Friday, November 9, 2007

Scapegoats: US Frees Nine Iranians Held in Iraq

What?? The nine freed "outside agitators" weren't goose-stepping "Islamo-fascists," after all? But .... weren't these ruthless killers ... from the dreaded Iranian "elite" security bund? ...

" ... US officials accused them of being members of Iran's elite Quds Force.... Iran said [five] were diplomats working in a facility that was undergoing preparations to be a consular office. 'From the beginning of the abduction of the five Iranian diplomats, we said they were innocent. Now the US military has confirmed it," Mohammad Ali Hosseini, the Iranian foreign ministry spokesman, told state radio in Tehran.' ... "

Staff and agencies
November 9, 2007
Guardian Unlimited

Nine Iranians were released today from US custody in Iraq, including two who had been held for 10 months facing accusations of being members of an elite Iranian force suspected of arming Shia extremists.

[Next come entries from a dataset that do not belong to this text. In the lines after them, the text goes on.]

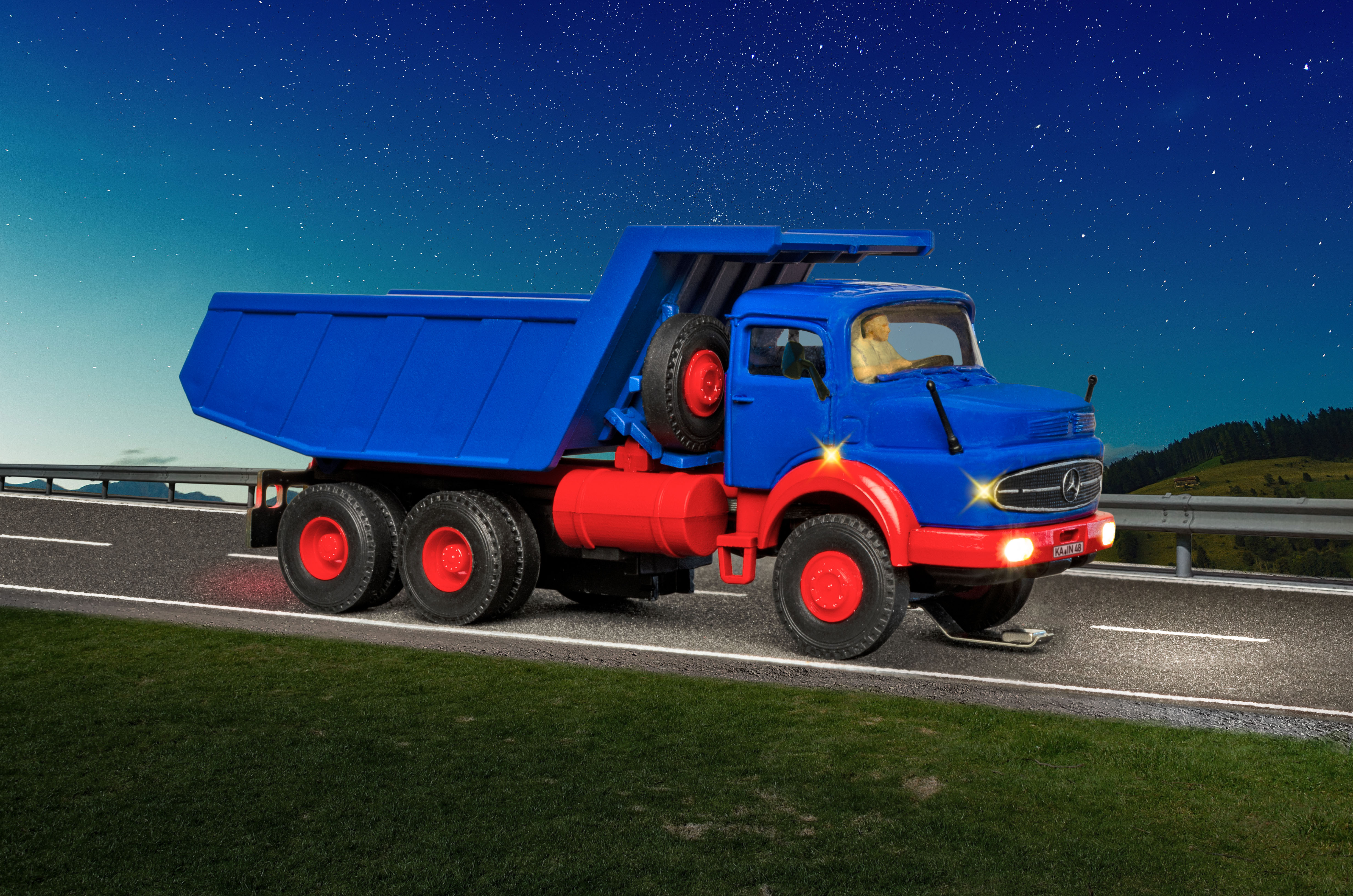 H0 MB Rundhauber 3-achs mit MEILLER Gesteinsmulde,Basis, Funktionsmodell - Wie alle Modelle der CarMotion-Serie verfügt das Fahrzeug über folgende Funktionen: - Lade- und Programmieranschluss - Kurze Ladezeiten durch moderne Li-Po Akkus - Mit einer Akkuladung ist bei normalem Fahrbetrieb mit Wartezeiten und verschiedenen Geschwindigkeiten eine Laufzeit von ca. 4 – 6 Stunden, bei Höchstgeschwindigkeit von ca. 2 Stunden möglich - Einfaches Ein-/Ausschalten mit Hilfe eines Reedkontakts unter dem Dach der Fahrerkabine mit Magnetstift oder Teleskop-Magnetstab Art. 8410 - Infrarot-Sender/-Empfänger für Abstandssteuerung (nur bedingt mit anderen IR-Systemen kompatibel) - Realistische Brems- bzw. Beschleunigungsvorgänge und konfigurierbarer Geschwindigkeit durch drehzahlgeregelten Motor - Freie Ladefläche durch Unterflurantrieb - Kabinenbeleuchtung - Bremslichter und Rückfahrscheinwerfer - Blinker rechts/links und Warnblinker steuerbar - Abblendlicht / Fernlicht - Dachblinker (abhängig vom Fahrzeugtyp) - Einsehbare Fahrerkabine mit Figur - 5-polige Steckkupplung zum Anschluss von CarMotion Anhängern oder Aufliegern - Kompatibel zu vorhandenen Systemen mit Fahrdraht oder Magnetband - Steuerung über Infrarot-Signale, Dauermagnete Art. 8431 in der Straße, elektromagnetische Stopp-Spulen und Fernbedienung Art. 8402 - Selbst ohne Spurhilfen ist eine kurze geradlinige Rückwärtsfahrt mittels Steuerung über die Fernbedienung möglich Vorbilddaten: MERCEDES BENZ LAK 2624, 177 kW/240 PS Dieselmotor, MEILLER Gesteinsmulde 8 – 10 m³, Nutzlast ca. 15 t, Gesamtgewicht 26 t. L 9,2 x B 3,3 x H 3,7 cm
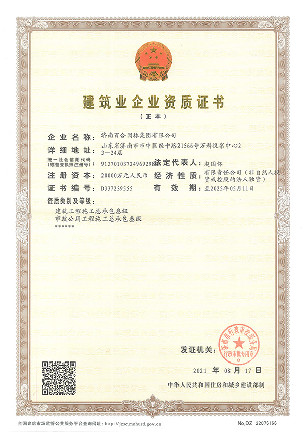 百合園林集團(tuán)擁有國家園林綠化施工壹級資質(zhì)、市政公用工程施工叁級資質(zhì),具備大型園林工程設(shè)計(jì)、施工和綠地養(yǎng)護(hù)管理能力。
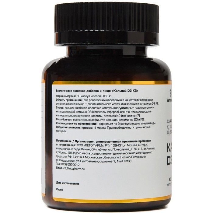 Летофарм Кальций Д3 К2 капс. №60 ЛетоФарм/Россия
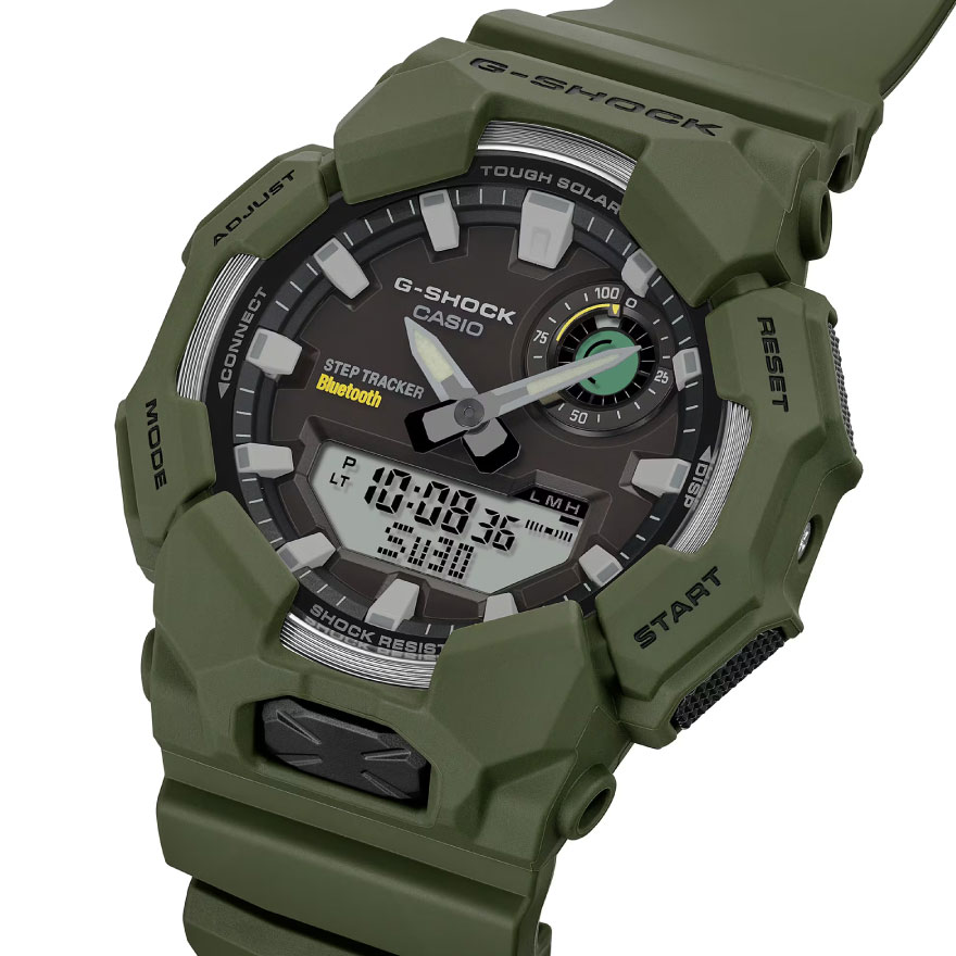無骨なラギッドスタイルのアナデジコンビシリーズ“GA-B010”より、ソーラー発電のみでライフログを計測できるBluetooth通信機能搭載のビッグケースモデル。
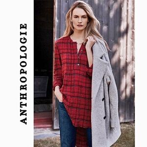 This oversized tunic by Holding Horses for Anthropologie features a Henley neckline with 4 button placket, long sleeves with button cuffs (sleeves also have button tabs giving the option to wear them rolled up), pleat detailing at the back and a curved, dramatic high-low hemline with split sides. Fabric is lightweight and softly textured. Color is “Red Motif”, a beautiful red with black and dark gray plaid design.
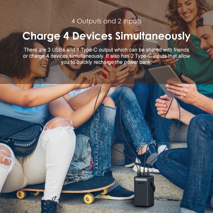 There are 3 USB outputs and 1 Type-C output which can be shared with friends or charge 4 devices at the same time. It is with 2 Type-C inputs allow you to recharge this power bank quickly.
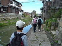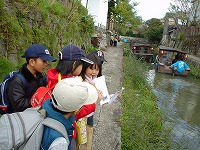 | さぁ、次の目的地到着!わからないことは、地元の人に聞いてみようという作戦のようです。お礼もわすれずにね! | 近江八幡の水郷にでてきました!まだまだ余裕! | 次の指令書は、一体どこにかくされているんだ?! |
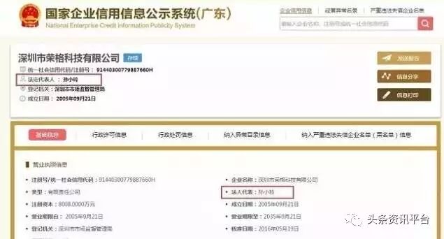 从上图可以看到,系统正式撤销孙会喜于2016年5月19日任深圳市荣格科技有限公司法人的资格,包括在其后变更的一系列董事成员,高管人员,监视成员的变更均被撤销。
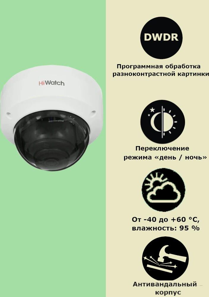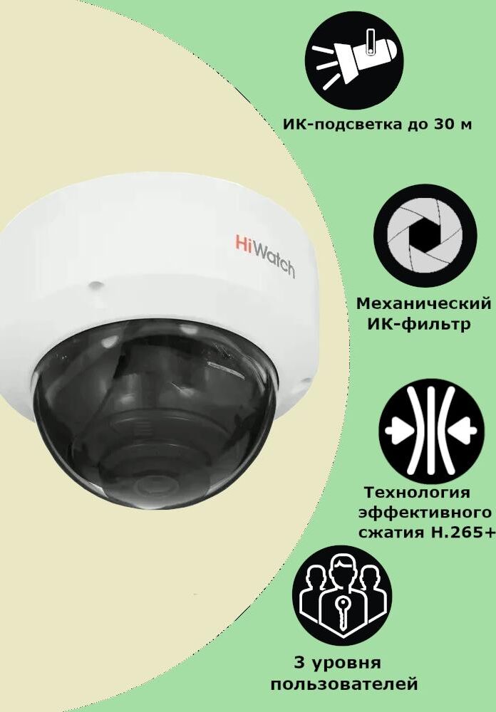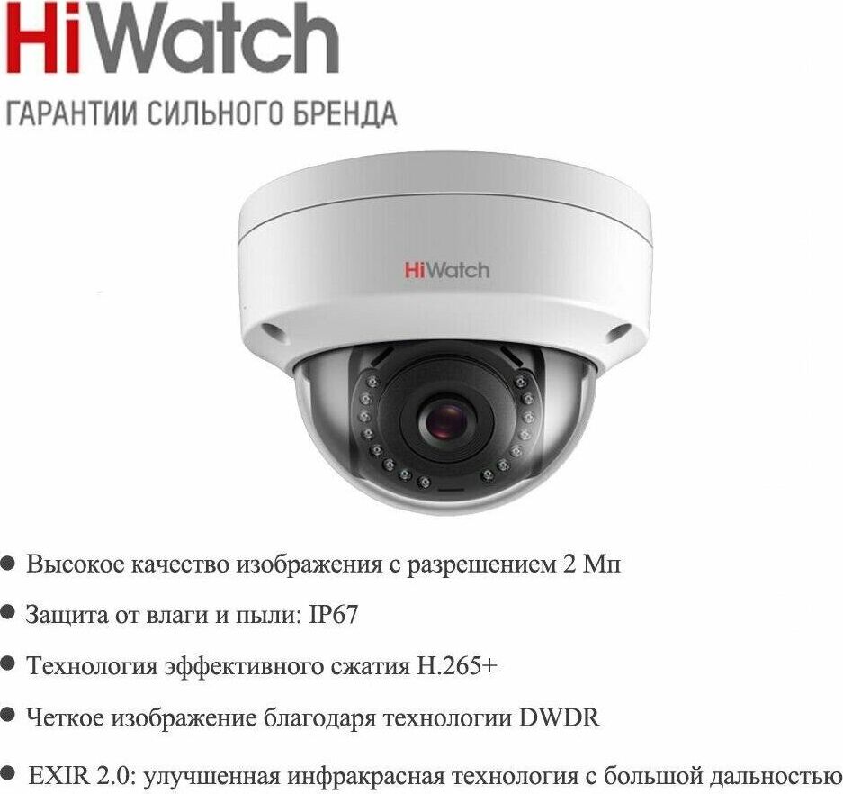 2Мп уличная купольная мини IP-камера с EXIR-подсветкой до 30м• Высокое качество изображения с разрешением 2 Мп • Технология эффективного сжатия H.265+ • Четкое изображение при яркой задней засветке благодаря технологии DWDR • Защита от влаги и пыли (IP67) и антивандальная защита (IK10) • EXIR 2.0: улучшенная инфракрасная технология с большой дальностью ИК-подсветки • Встроенный слот для microSD/SDHC/SDXC: нет • Встроенный микрофон: нет Камера Матрица 1/2.7? Progressive Scan CMOS Чувствительность Цвет: 0

Another released detainee was just a few days short of being held for three years without charge after he was captured in Falluja and accused of fleeing the scene of a mortar attack.

The US military said all nine were released to Iraqi officials. They were transferred to the Iranian embassy in Baghdad before returning to Iran.

Two of the released men - identified by the military for the first time as Brujerd Chegini and Hamid Reza Asgari Shukuh - were among five people captured when American troops stormed an Iranian government office in the northern city of Irbil in January.

At the time, US officials accused them of being members of Iran's elite Quds Force, an arm of the Revolutionary Guards that Washington has accused of funding and arming Shia extremists fighting American forces in Iraq. Iran said the five were diplomats working in a facility that was undergoing preparations to be a consular office.

"From the beginning of the abduction of the five Iranian diplomats, we said they were innocent. Now the US military has confirmed it," Mohammad Ali Hosseini, the Iranian foreign ministry spokesman, told state radio in Tehran.

Mr Hosseini said that he hoped the remaining three Iranians detained in Irbil would also be released soon.

The US statement said the Iranians were released after a "careful review of individual records to determine if they posed a security threat to Iraq and if their detention was of continued intelligence value".

"All nine individuals were determined to no longer pose a security risk," it said.

Today's release came a day after US authorities freed about 500 Iraqi prisoners in an ongoing push to empty American jails of detainees no longer deemed a threat.

The US military confirmed it was holding 25,800 Iraqis who have not been charged, and about 17,000 of those were captured this year in campaigns to secure Baghdad and its surrounding areas.

Last week, the US defence secretary Robert Gates said Iran had made assurances to the Iraqi government that it would stop the flow into Iraq of bomb-making materials and other weaponry that the Bush administration claims has inflamed insurgent and militia violence.

The No 2 US commander in Iraq, Lt Gen Ray Odierno, said last week that there had been a sharp decline in the number of explosively formed projectiles found in Iraq in the past three months.

The US military identified the other seven Iranians as follows:

· Hussain al-Kobadi, captured on November 20 2004 in Fallujah, where he had been allegedly attempting to flee the scene of a mortar attack.

· Ibrahim Mahmud Ahmed, captured on April 8 2005 during a raid in Ramadi.

· Adil Wusayn Shamarad Muhammad and Azzam Hasan Karam Abd, both captured on February 20 2006 "during a raid to disrupt al-Qaida operations in Iraq," the military said. The statement did not specify where Mr Mohammad and Mr Abd were captured.

· Mohammad Ali Abbas al-Buzuda, detained on May 6 2007 by Iraqi police in al-Qadisiyah, for illegal entry into Iraq from Iran.

· Jafan Allah, taken into custody on July 26 2007 after he turned himself in to authorities at a border checkpoint.

· Habib Muhammad Ghuribani Kurdi, captured on August 1 2007 "during an intelligence-driven raid aimed at capturing a senior insurgent," the military said.